The Next Step in AI: Navigating Chaos

The very first inklings of AI were really rule-based. That turns out to be a very good match for conventional computing, where you process one instruction at a time. But eventually you run out of the ability to tackle problems because, frankly, our behavior is not completely rule-based. And current AI has essentially no notion of time. There’s nothing that would be the equivalent of an event and a trigger. Neuromorphic [computing] is an example of going one step further and saying, “Alright, what if I build time into the processor?” That notion of time and interaction and feedback is an important advance beyond what we’ve been able to do today. A neuromorphic computing system might be able to simulate a chaotic system more readily than conventional computing. There are a number of things that are chaotic at some level. Traffic is an example. Weather is an example. There are countless decisions you make every day where you are balancing multiple constraints and maybe don’t find the perfect answer, but you find a good enough answer quickly. Well, that’s exactly the kind of thing that we think we could do with these kinds of systems—that we can essentially pose the problem of navigating through obstacles and finding a good enough route more quickly, with less computational effort, than the exhaustive trial with different combinations.
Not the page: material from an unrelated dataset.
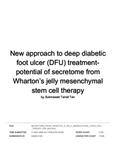 Tan, Sukmawati Tansil (2020) Turnitin "New approach to deep diabetic foot ulcer (DFU) treatment-potential of secretome from Wharton’s jelly mesenchymal stem cell therapy". International Journal of Dermatology, Venereology and Leprosy Sciences., 3 (2). ISSN E-ISSN: 2664-942X ; P-ISSN: 2664-9411 (Unpublished)

Quantum Computers Are a Decade Away (With One Big Caveat)

We say [we’re] about 10 years away [from widespread quantum computing use]. When we started three years ago, we said about a dozen years with a pretty big error bar. There will be people that will say, “Well, we’ll have systems sooner than that,” and I would agree with that. But those systems are not necessarily big enough to solve the kinds of problems that people are really interested in doing. We intend to build an engineering-scale system in the next few years. Maybe in the 500-, 1,000-qubit range. If you want to simulate a drug molecule, you’re going to need qubits in the millions. It’s obviously difficult to predict that a better way to simulate a drug will make a better drug. Today the best way to figure out if a drug works is to make the drug and test it. When we’re successful with quantum computing, we can start to simulate things that we can only do experiments on today. That will accelerate the rate that we can look through different materials. That doesn’t guarantee we’ll have a better material, but it helps the front end of the process.